Reinforcement learning is learning what to do — how to map situations to actions—so as to maximize a numerical reward signal.
The learner is not told which actions to take, but instead must discover which actions yield the most reward by trying them.
— Page 1, Reinforcement Learning: An Introduction, 2nd edition, 2018.
The use of an environment means that there is no fixed training dataset, rather a goal or set of goals that an agent is required to achieve, actions they may perform, and feedback about performance toward the goal.
Some machine learning algorithms do not just experience a fixed dataset.
For example, reinforcement learning algorithms interact with an environment, so there is a feedback loop between the learning system and its experiences.
— Page 105, Deep Learning, 2016.
It is similar to supervised learning in that the model has some response from which to learn, although the feedback may be delayed and statistically noisy, making it challenging for the agent or model to connect cause and effect.
An example of a reinforcement problem is playing a game where the agent has the goal of getting a high score and can make moves in the game and received feedback in terms of punishments or rewards.
In many complex domains, reinforcement learning is the only feasible way to train a program to perform at high levels.
For example, in game playing, it is very hard for a human to provide accurate and consistent evaluations of large numbers of positions, which would be needed to train an evaluation function directly from examples.
Instead, the program can be told when it has won or lost, and it can use this information to learn an evaluation function that gives reasonably accurate estimates of the probability of winning from any given position.
— Page 831, Artificial Intelligence: A Modern Approach, 3rd edition, 2015.
Impressive recent results include the use of reinforcement in Google’s AlphaGo in out-performing the world’s top Go player.
Some popular examples of reinforcement learning algorithms include Q-learning, temporal-difference learning, and deep reinforcement learning.
The lines between unsupervised and supervised learning is blurry, and there are many hybrid approaches that draw from each field of study.
In this section, we will take a closer look at some of the more common hybrid fields of study: semi-supervised, self-supervised, and multi-instance learning.
Semi-supervised learning is supervised learning where the training data contains very few labeled examples and a large number of unlabeled examples.
The goal of a semi-supervised learning model is to make effective use of all of the available data, not just the labelled data like in supervised learning.
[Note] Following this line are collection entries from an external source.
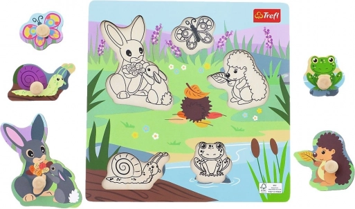 Odkrijte igrive in varne lesene sestavljanke z živalmi s travnika, idealne za najmlajše od 18 mesecev. Zahvaljujoč lesenim gumbkom se deli enostavno držijo, barvita grafika vabi k igri, črno-bela predloga v podlagi pa olajša pravilno namestitev. Igrača razvija fino motoriko, koordinacijo oko–roka in zaznavanje oblik.
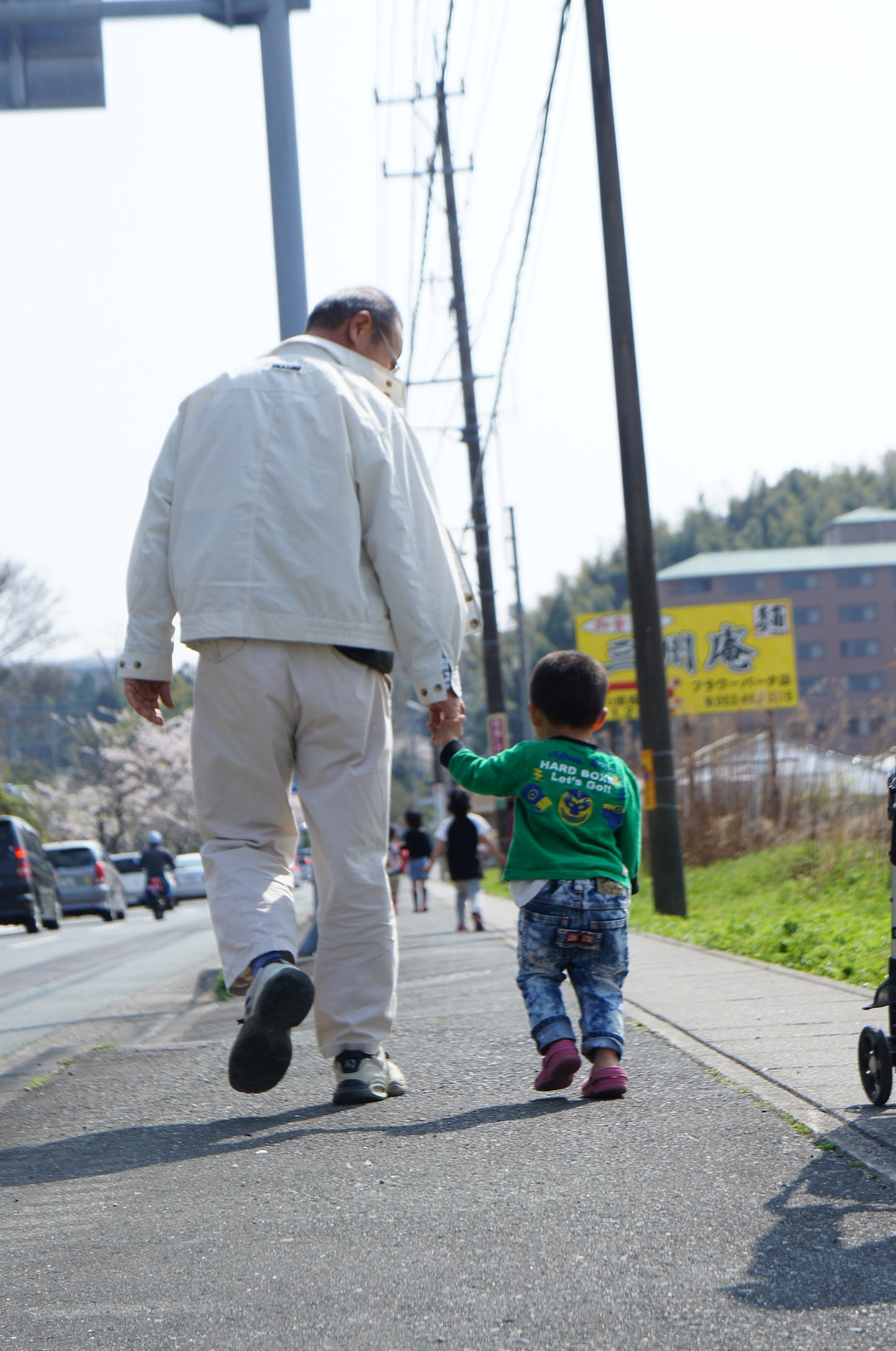 子供達と僕の両親を連れて、近所のフラワーパークへ歩いて向かうときの写真です。 僕の父と息子と手をつなぎ歩くなんて嬉しい
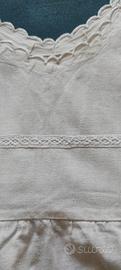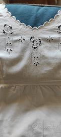 vendo camicia sottoveste anni 30 in tela bianca ,corredo non utilizzato , fatta completamente a mano ,come era d'uso. negli anni 90 è stata trasformata in abito, copricostume .la ricca smerlatura delle spalle aperte e del giro manica fa risaltare 5 motivi floreali a intarsio sul petto.presenti cifre ricamate B I il corpino è stile impero ,ben delineato da pinces,nella gonna sono state inserite 2 tasche. il fondo è rifinito con piccolo pizzo . misura cm 100 lung,petto cm 45 . usata con riguardo . prezzo € 25 possiedo altre camicie vecchie originali con ricami vari .
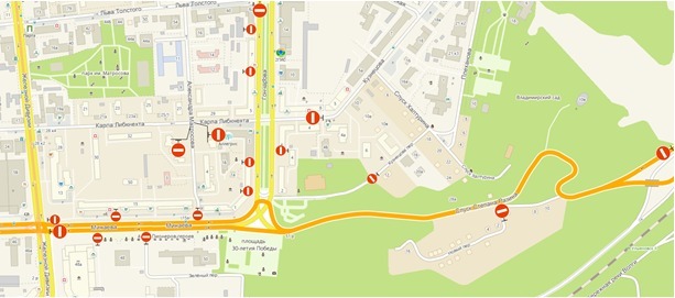 9 Мая с 5:00 до 23:00, в связи проведением парада Победы, движение автомобилей будет запрещено на следующих участках:
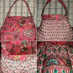 Vera Bradley retired pattern called "call me coral" hobo bag, has 2 pockets on the ends, reversible pattern inside and out, good condition, no rips/tears/stains, handle is in great shape
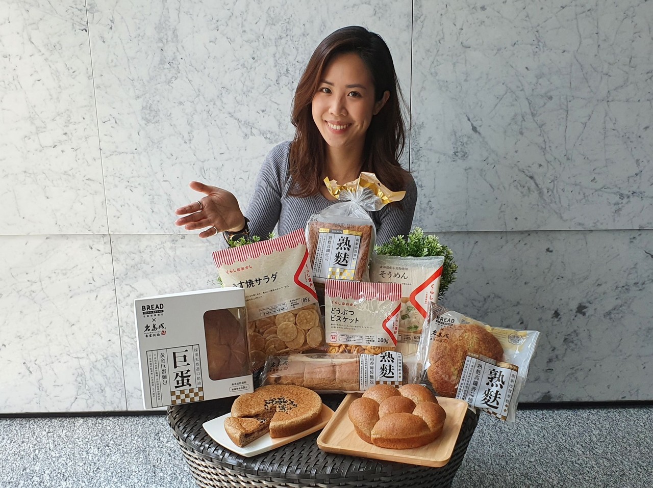 「熟麩手撕餐包」外型以花朵為底,讓濕潤度增加,口感上更能呈現湯種麵包特有的風味;「熟麩高纖香蒜麵包」嚴選台灣在地大蒜,以帕瑪森乳酪做點綴,飽滿的外餡與麥麩香、蒜香的美味結合。另外岩島成最紅明星商品「黃金巨蛋麵包」採用布里歐修麵糰,長時間低溫發酵烘焙,猶如蛋糕般柔軟,奶香濃郁。

In semi-supervised learning we are given a few labeled examples and must make what we can of a large collection of unlabeled examples.
Even the labels themselves may not be the oracular truths that we hope for.
— Page 695, Artificial Intelligence: A Modern Approach, 3rd edition, 2015.
Making effective use of unlabelled data may require the use of or inspiration from unsupervised methods such as clustering and density estimation.
Once groups or patterns are discovered, supervised methods or ideas from supervised learning may be used to label the unlabeled examples or apply labels to unlabeled representations later used for prediction.
Unsupervised learning can provide useful cues for how to group examples in representation space.
Examples that cluster tightly in the input space should be mapped to similar representations.
— Page 243, Deep Learning, 2016.
It is common for many real-world supervised learning problems to be examples of semi-supervised learning problems given the expense or computational cost for labeling examples.
For example, classifying photographs requires a dataset of photographs that have already been labeled by human operators.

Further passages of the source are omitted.